Dataset entries:
□ □ □

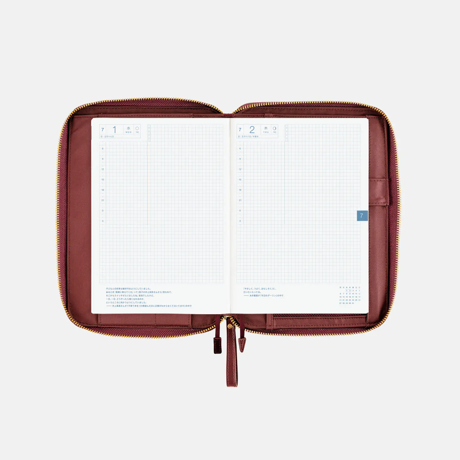 1日のスペースが広く、のびのびと書けるA5サイズ。家や仕事場に置いておく「置き手帳」や育児日記、交換日記といった用途にもおすすめです。
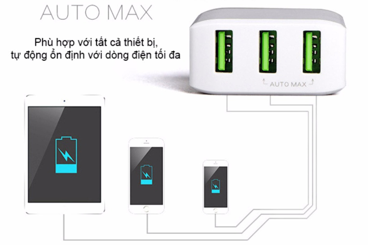 - Adapter Sạc 3 Cổng Auto Max 5V/3A được trang bị 3 cổng sạc cho bạn 1 lần sạc được 3 thiết bị, giúp tiết kiệm thời gian hiệu quả.
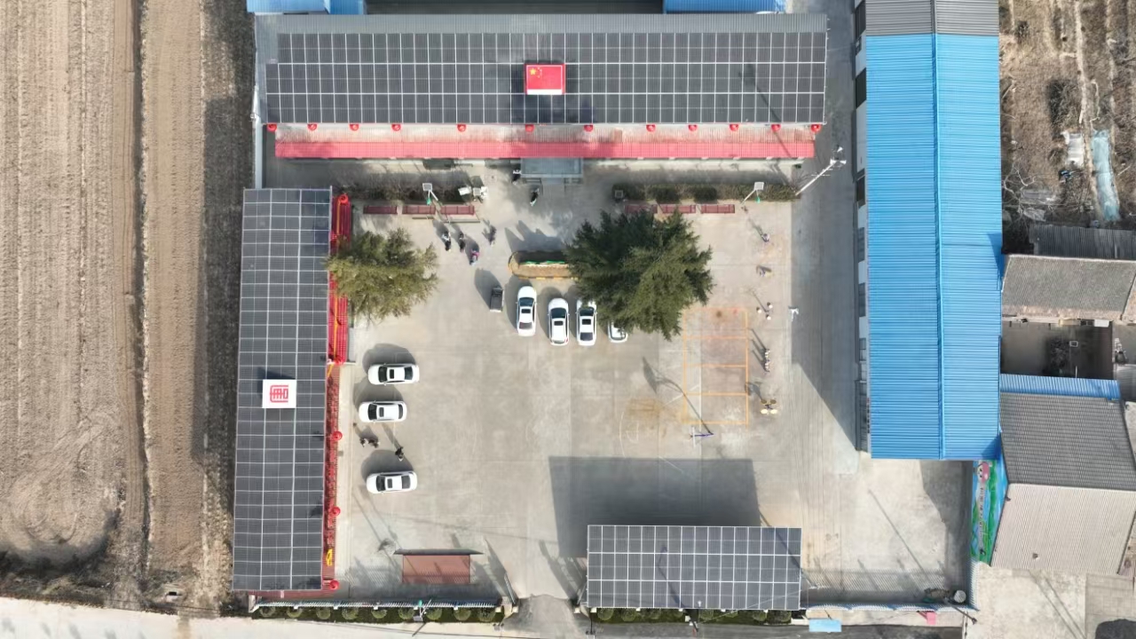 走進(jìn)和家樓村村部,一排排深藍(lán)色的單晶硅組件板在日光的照射下閃閃發(fā)光,格外耀眼。分布式光伏和智能充電樁緩解周邊群眾充電壓力,方便群眾“綠色”出行。光伏板中央將中國紅、大唐紅元素融入項(xiàng)目中,嵌入國旗和唐標(biāo),點(diǎn)綴大紅燈籠、中式欄桿等中國風(fēng)傳統(tǒng)風(fēng)格,繪就一幅美麗鄉(xiāng)村新畫卷。
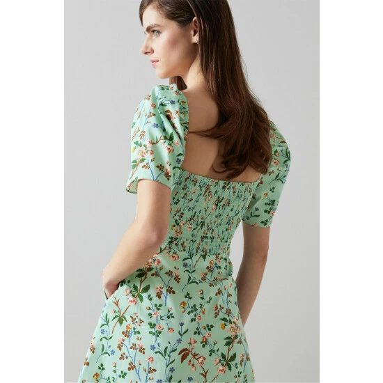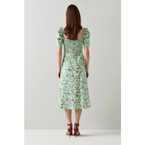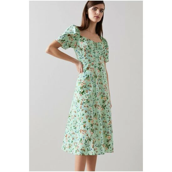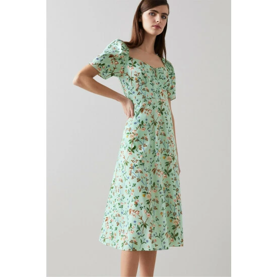 The Phelia dress is crafted from a stretch cotton poplin in mint green with an 18th century apple blossom print in green and pink. Part of the Royal Ascot x LK Bennett collection, it has a sweetheart neckline with tie detail, short puff sleeves, a shirred back and a floaty midi skirt.
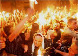 Οι καμπάνες χτυπούν χαρμόσυνα και οι προσκυνητές από όλο τον κόσμο απλώνουν τα χέρια τους, στα οποία κρατούν τις δεσμίδες με τα 33 κεριά -όσα και τα χρόνια του Χριστού- για να πάρουν την ιερή φλόγα.
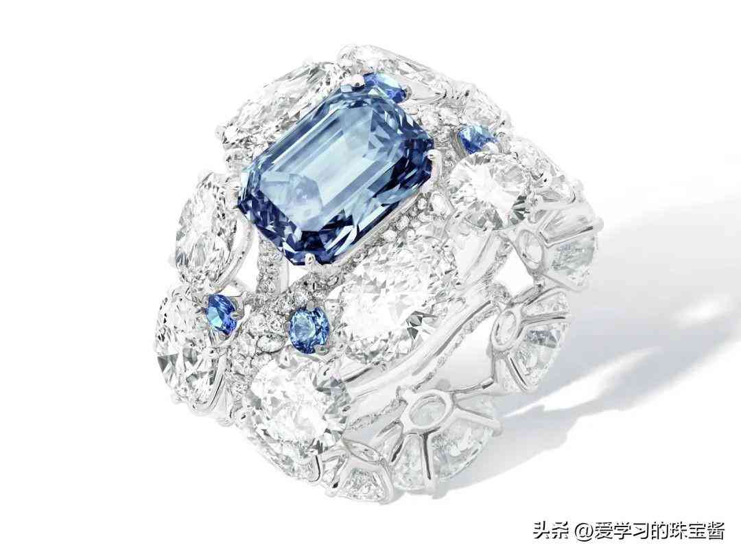 CINDY CHAO 藝術珠寶在2022年「稀世?傳承──藝術彩鉆系列」(The Gem Art Collection)中推出這枚藍鉆戒指,主石為一顆稀有的3.31ct祖母綠型切割藍鉆,襯以明亮的橢圓形、圓形切割鉆石,如同純凈明朗的藍色晴空。
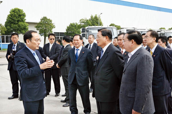 在麓谷工業園的參觀過程中,當了解到中聯重科由當年的一個科研院所成長至跨國運營的國際化企業時,江丙坤董事長對公司的發展連稱“了不起!”在產品展示坪,一臺臺重型機械一字排開,在聽取詹純新董事長的詳細講解后,江丙坤董事長對中聯重科的生產能力表示贊嘆,并歡迎詹純新董事長等公司高管有機會前往臺灣參觀考察。
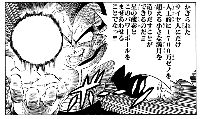 Fou de rage, Vegeta utilise sa Power Ball pour créer une petite lune artificielle. Cela le transforme en Great Ape et il lance une attaque dévastatrice contre Goku.
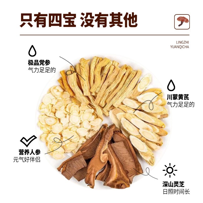 艺品赞灵芝元气茶黄芪党参组合气血养生茶升级款元气四宝茶可代发
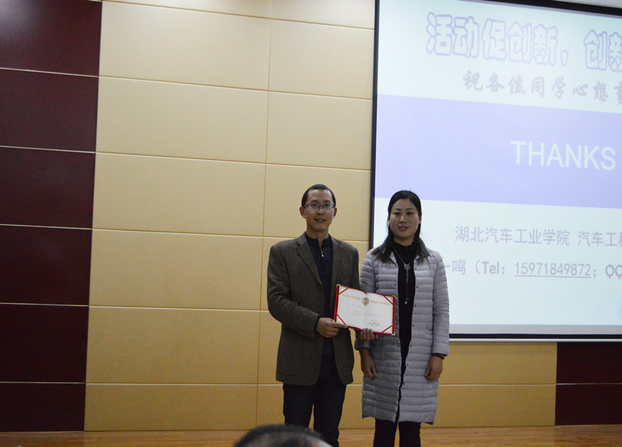 讲座结束后,院领导特邀郭一鸣博士为理工学院汽车类专业学生科技创新指导顾问,院党总支副书记张红梅为郭一鸣颁发了聘书。魏明坤院长做了总结发言,魏院长感谢郭博士为在场师生做的的精彩报告,他告诫大家要按照国家“大众创新、万众创新”战略,学校大学生创新创业要求,结合我院汽车专业实际,培养学生兴趣,提高学生创新意识,有选择的参加汽车类专业大学生科技创新大赛。
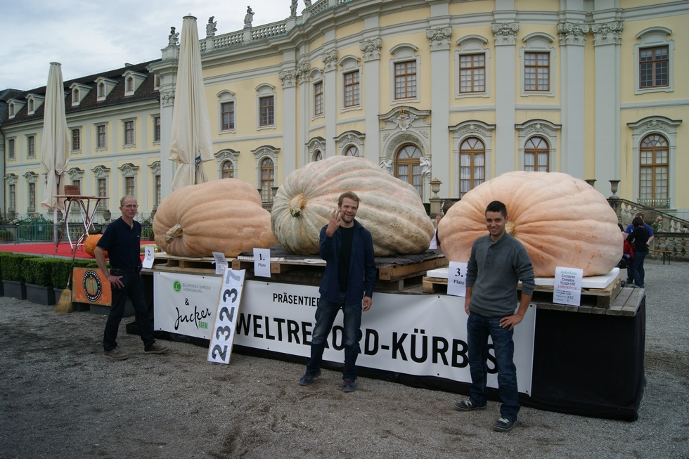 Top 3 pumpkins+growers from the european weigh-off in Ludwigsburg Jos Ghaye, Beni Meier, Janko Lovse
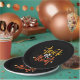 Trick or Treat Candy Corn Halloween Paper Plates features fun brush type and cute candy corn illustrations.

□ □ □

Problem to work on: Word for word, restate all of the records. Exclude the pictures.

Exercise answer:
 1日のスペースが広く、のびのびと書けるA5サイズ。家や仕事場に置いておく「置き手帳」や育児日記、交換日記といった用途にもおすすめです。
 - Adapter Sạc 3 Cổng Auto Max 5V/3A được trang bị 3 cổng sạc cho bạn 1 lần sạc được 3 thiết bị, giúp tiết kiệm thời gian hiệu quả.
 走進(jìn)和家樓村村部,一排排深藍(lán)色的單晶硅組件板在日光的照射下閃閃發(fā)光,格外耀眼。分布式光伏和智能充電樁緩解周邊群眾充電壓力,方便群眾“綠色”出行。光伏板中央將中國紅、大唐紅元素融入項(xiàng)目中,嵌入國旗和唐標(biāo),點(diǎn)綴大紅燈籠、中式欄桿等中國風(fēng)傳統(tǒng)風(fēng)格,繪就一幅美麗鄉(xiāng)村新畫卷。
 The Phelia dress is crafted from a stretch cotton poplin in mint green with an 18th century apple blossom print in green and pink. Part of the Royal Ascot x LK Bennett collection, it has a sweetheart neckline with tie detail, short puff sleeves, a shirred back and a floaty midi skirt.
 Οι καμπάνες χτυπούν χαρμόσυνα και οι προσκυνητές από όλο τον κόσμο απλώνουν τα χέρια τους, στα οποία κρατούν τις δεσμίδες με τα 33 κεριά -όσα και τα χρόνια του Χριστού- για να πάρουν την ιερή φλόγα.
 CINDY CHAO 藝術珠寶在2022年「稀世?傳承──藝術彩鉆系列」(The Gem Art Collection)中推出這枚藍鉆戒指,主石為一顆稀有的3.31ct祖母綠型切割藍鉆,襯以明亮的橢圓形、圓形切割鉆石,如同純凈明朗的藍色晴空。
 在麓谷工業園的參觀過程中,當了解到中聯重科由當年的一個科研院所成長至跨國運營的國際化企業時,江丙坤董事長對公司的發展連稱“了不起!”在產品展示坪,一臺臺重型機械一字排開,在聽取詹純新董事長的詳細講解后,江丙坤董事長對中聯重科的生產能力表示贊嘆,并歡迎詹純新董事長等公司高管有機會前往臺灣參觀考察。
 Fou de rage, Vegeta utilise sa Power Ball pour créer une petite lune artificielle. Cela le transforme en Great Ape et il lance une attaque dévastatrice contre Goku.
 艺品赞灵芝元气茶黄芪党参组合气血养生茶升级款元气四宝茶可代发
 讲座结束后,院领导特邀郭一鸣博士为理工学院汽车类专业学生科技创新指导顾问,院党总支副书记张红梅为郭一鸣颁发了聘书。魏明坤院长做了总结发言,魏院长感谢郭博士为在场师生做的的精彩报告,他告诫大家要按照国家“大众创新、万众创新”战略,学校大学生创新创业要求,结合我院汽车专业实际,培养学生兴趣,提高学生创新意识,有选择的参加汽车类专业大学生科技创新大赛。
 Top 3 pumpkins+growers from the european weigh-off in Ludwigsburg Jos Ghaye, Beni Meier, Janko Lovse
 Trick or Treat Candy Corn Halloween Paper Plates features fun brush type and cute candy corn illustrations.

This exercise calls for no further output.